### Task details
Your answer must restate each entry below word for word, with no pictures in it.

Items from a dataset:
★ ★ ★ ★ ★

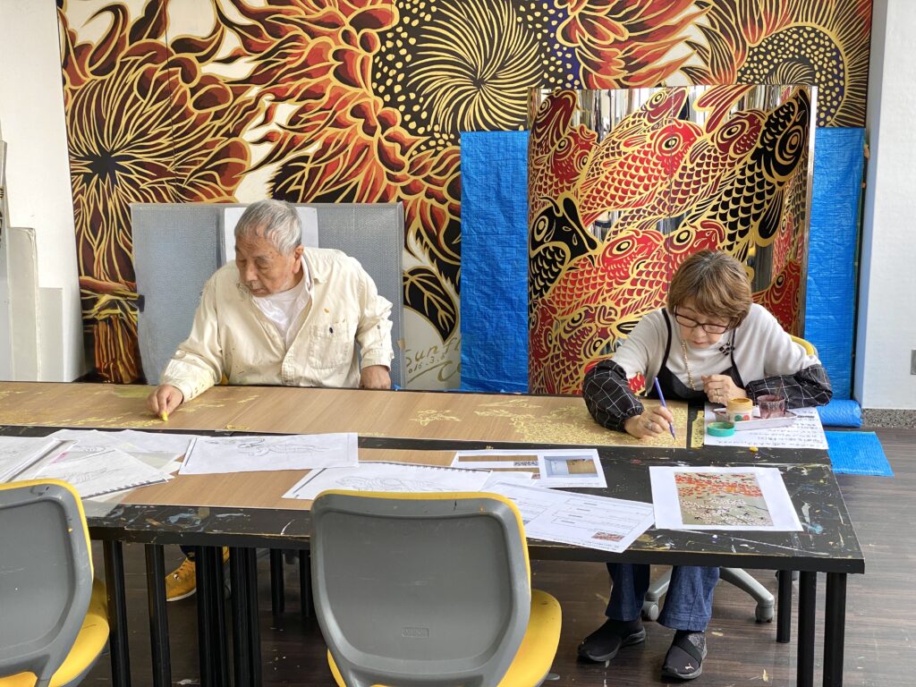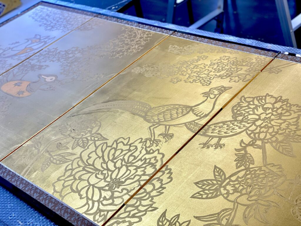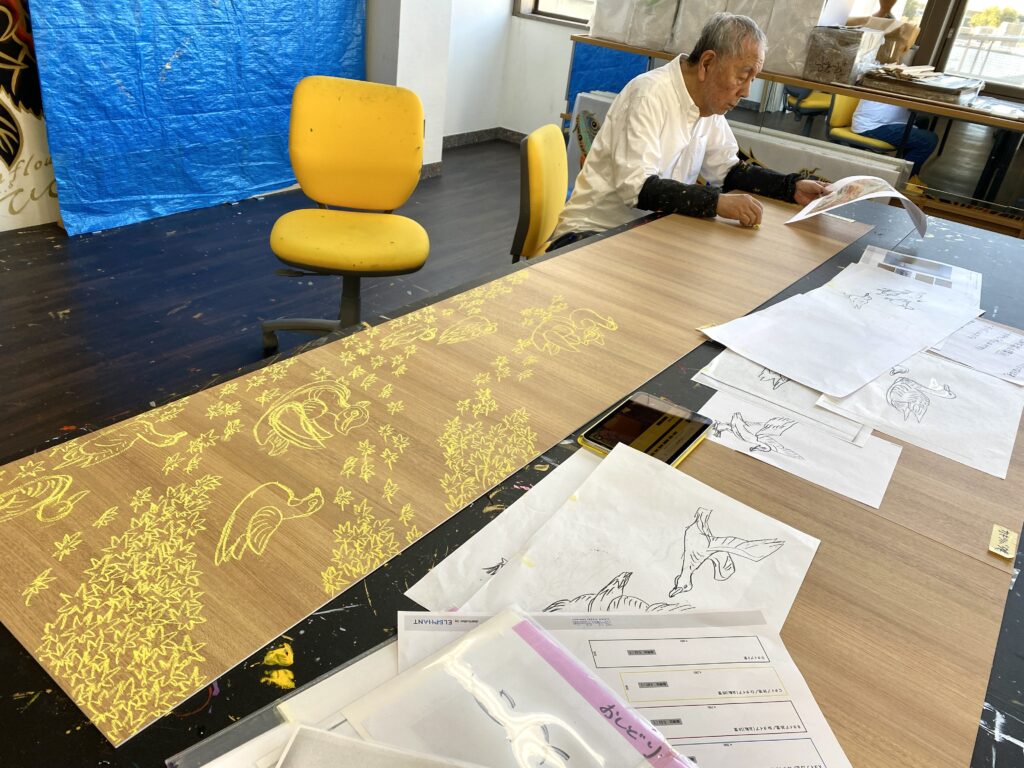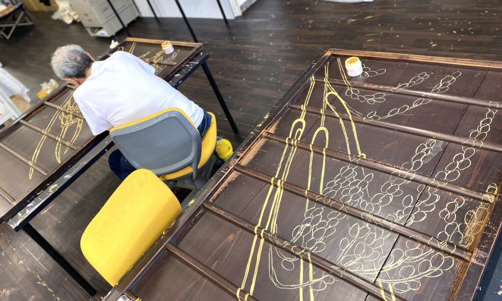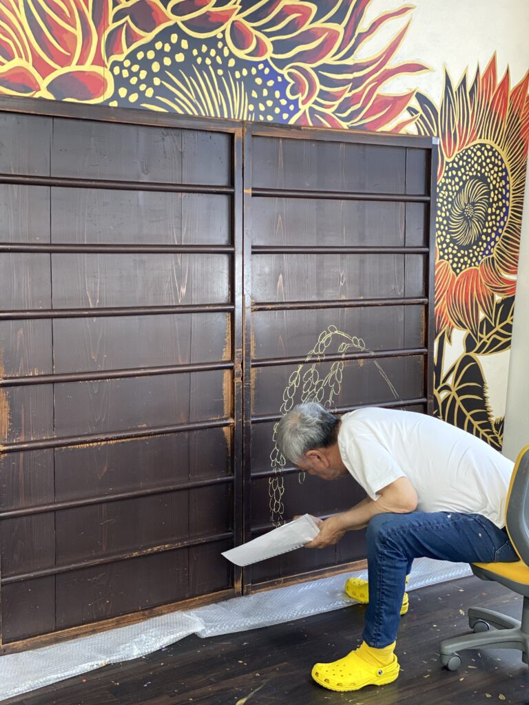 前回につづき、フォーシーズンズホテル京都 バックヤードに9箇所の壁画制作。
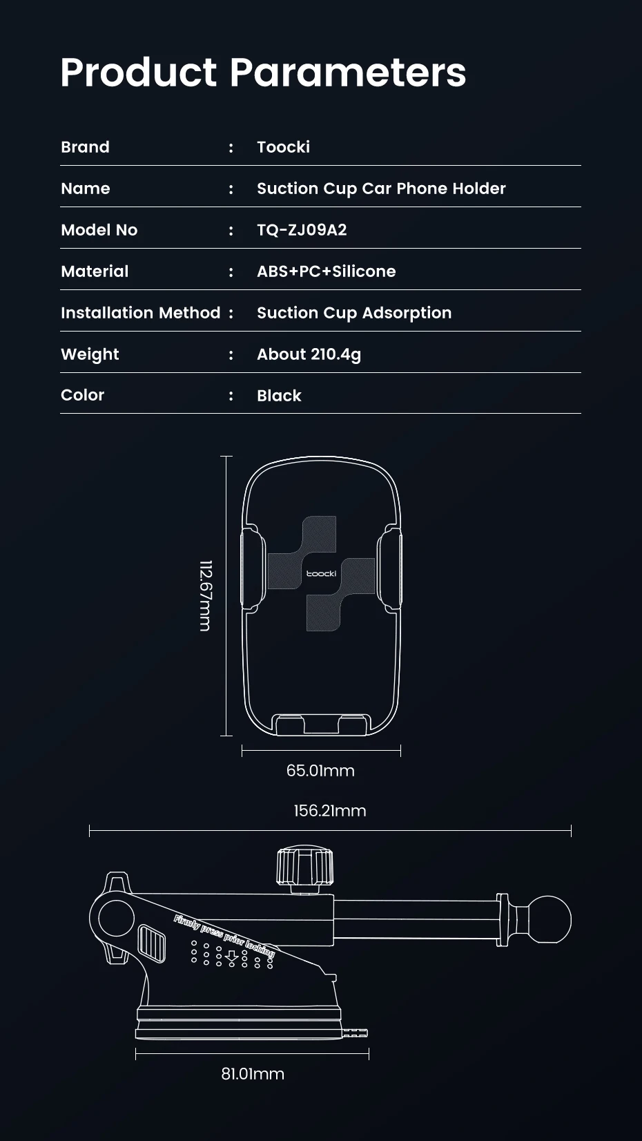 Comprar Toocki Sucker soporte para teléfono de coche parabrisas tablero ángulo Variable antivibración ventosa soporte de coche para iPhone Samsung Vivo
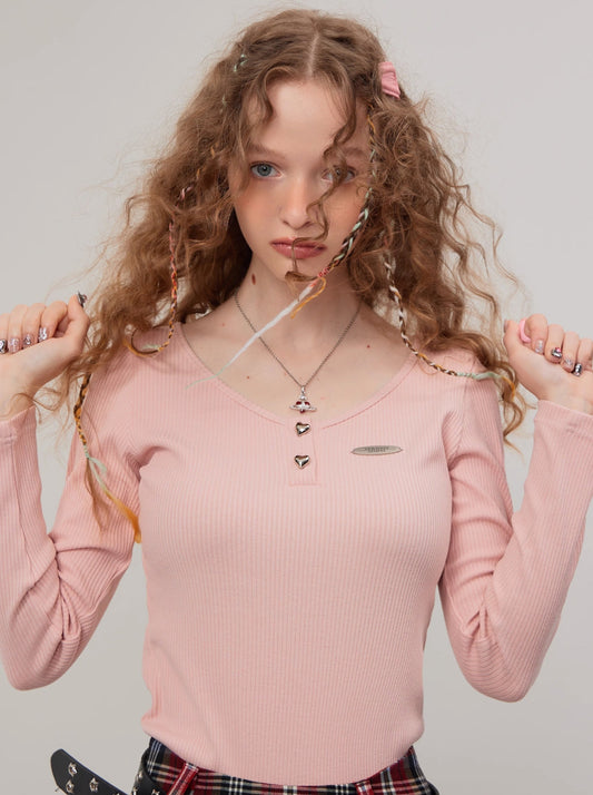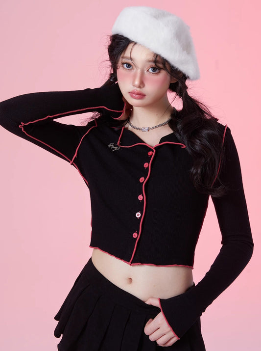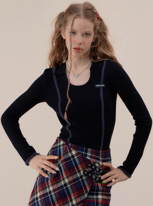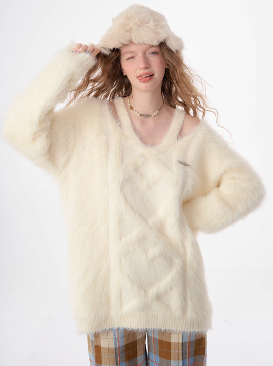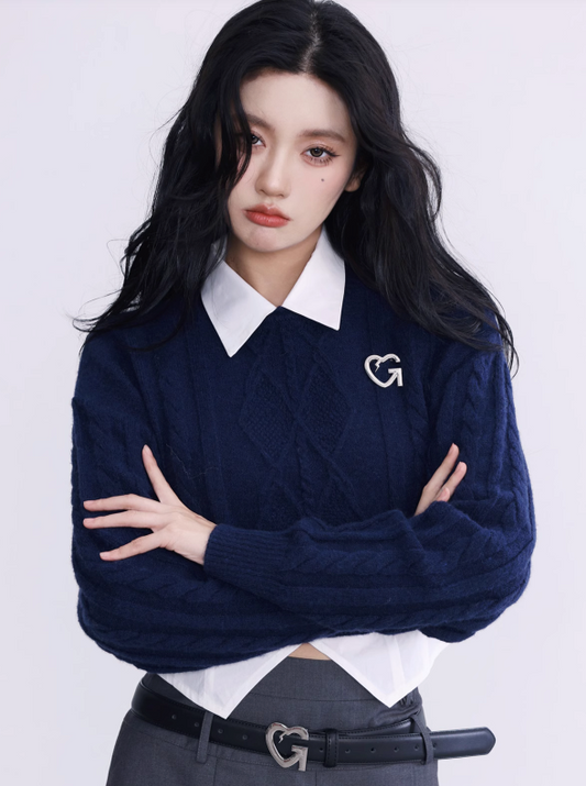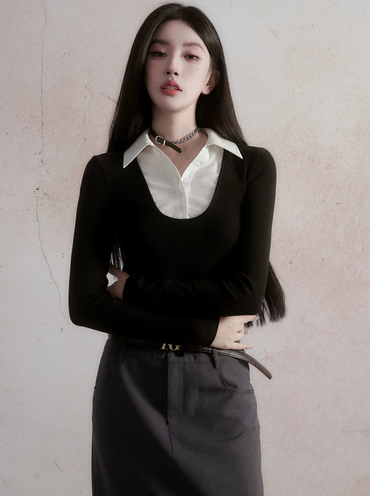 アメリカンレトロフェイクツーピースシャツニットトップス
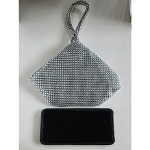 ✨ With a unique design and shimmering construction, this wristlet upgrades any evening look.
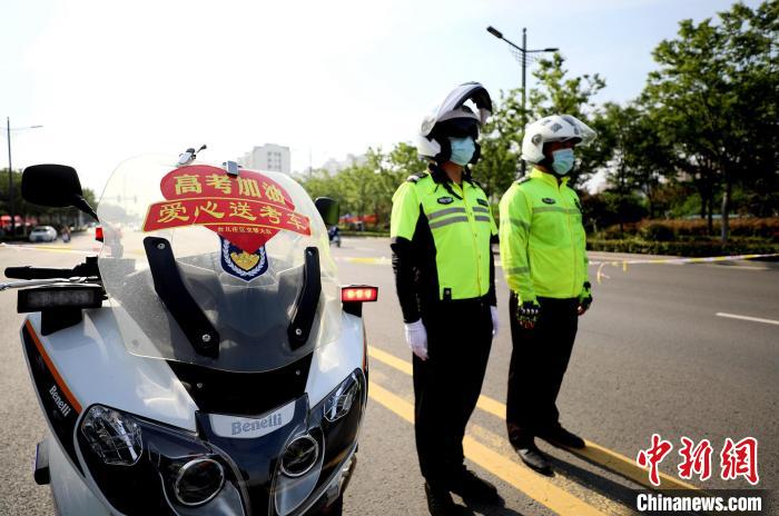 棗莊市臺兒莊公安分局交警大隊組織“愛心送考車”,為考生提供有序、暢通、安靜的道路交通環(huán)境。 張嚴新 攝
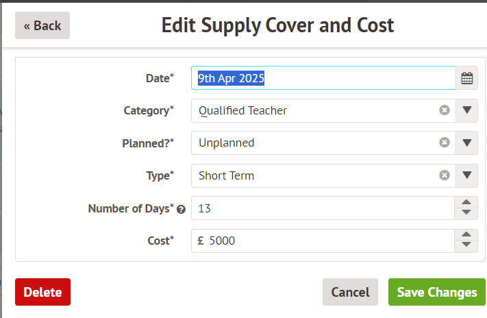 Navigate to School > All Staff > Cover > Supply Cover and Costs. Edit an existing record by:
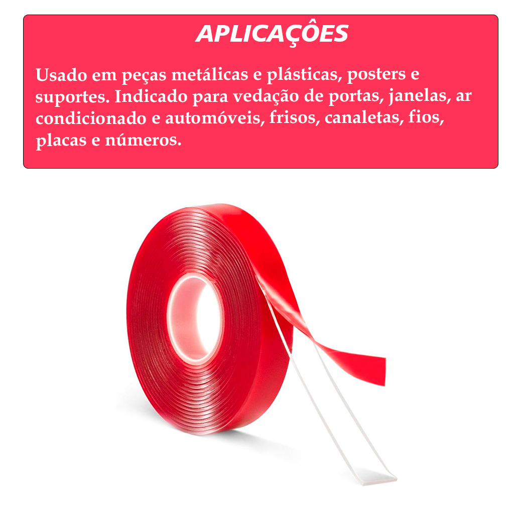 Fita Dupla Face Multiuso Automotiva Uso Interno Externo Alta Colagem Fixação Vários Tamanhos
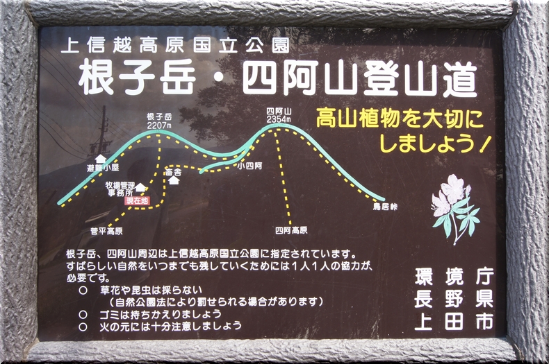 四阿山山頂へ、さらに「尾根縦走コース(2.5km)」で根子岳山頂を経由、
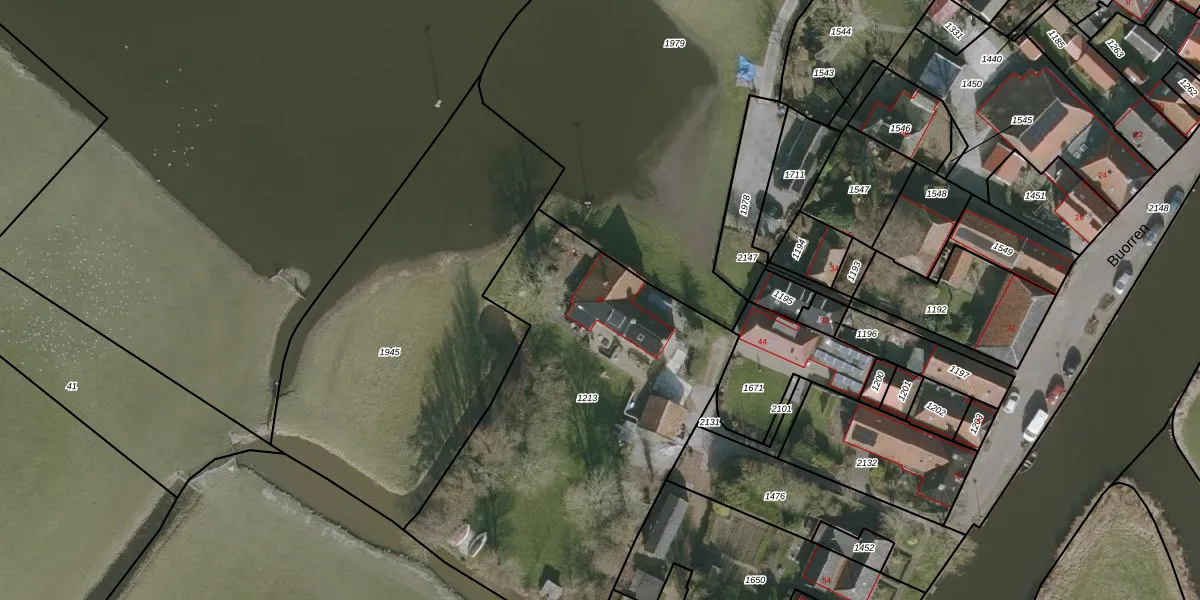 Het perceel waarop Buorren 48 staat heeft een oppervlakte van 2060 m². Dit is een zeer groot perceel. De perceeloppervlakte wordt geregistreerd door het Kadaster. Gedetailleerde informatie over de maten van dit perceel kunt u vinden in het rapport Kadastrale kaart met maatvoering van Buorren 48.
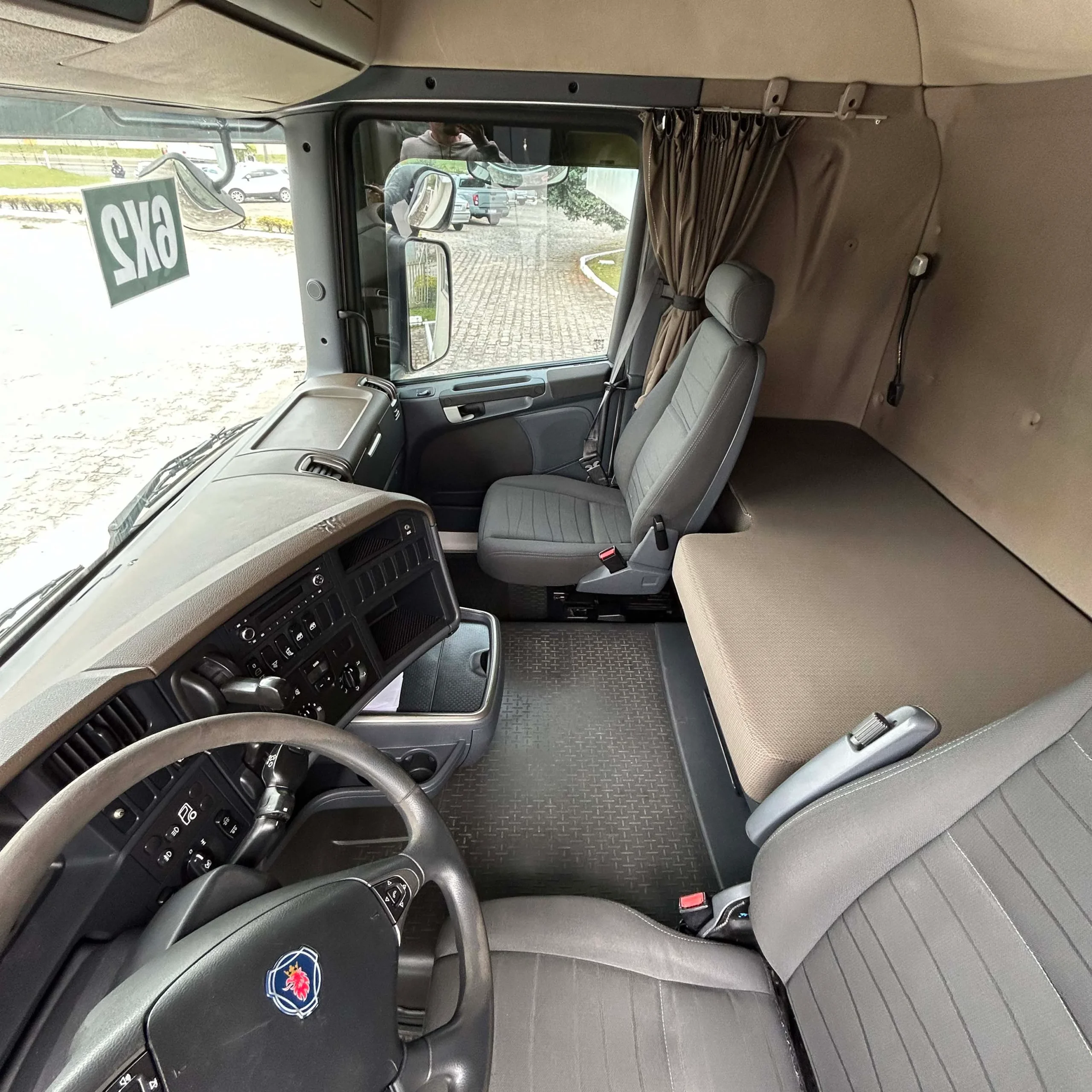 • Ano 2019 • Tração 6×2 • Câmbio automático • Único dono • Apenas 500 mil km • Suspensão pneumática • Pneus ótimos • Cautelar 100% aprovada • Interna original

★ ★ ★ ★ ★

### Answer space
 前回につづき、フォーシーズンズホテル京都 バックヤードに9箇所の壁画制作。
 Comprar Toocki Sucker soporte para teléfono de coche parabrisas tablero ángulo Variable antivibración ventosa soporte de coche para iPhone Samsung Vivo
 アメリカンレトロフェイクツーピースシャツニットトップス
 ✨ With a unique design and shimmering construction, this wristlet upgrades any evening look.
 棗莊市臺兒莊公安分局交警大隊組織“愛心送考車”,為考生提供有序、暢通、安靜的道路交通環(huán)境。 張嚴新 攝
 Navigate to School > All Staff > Cover > Supply Cover and Costs. Edit an existing record by:
 Fita Dupla Face Multiuso Automotiva Uso Interno Externo Alta Colagem Fixação Vários Tamanhos
 四阿山山頂へ、さらに「尾根縦走コース(2.5km)」で根子岳山頂を経由、
 Het perceel waarop Buorren 48 staat heeft een oppervlakte van 2060 m². Dit is een zeer groot perceel. De perceeloppervlakte wordt geregistreerd door het Kadaster. Gedetailleerde informatie over de maten van dit perceel kunt u vinden in het rapport Kadastrale kaart met maatvoering van Buorren 48.
 • Ano 2019 • Tração 6×2 • Câmbio automático • Único dono • Apenas 500 mil km • Suspensão pneumática • Pneus ótimos • Cautelar 100% aprovada • Interna original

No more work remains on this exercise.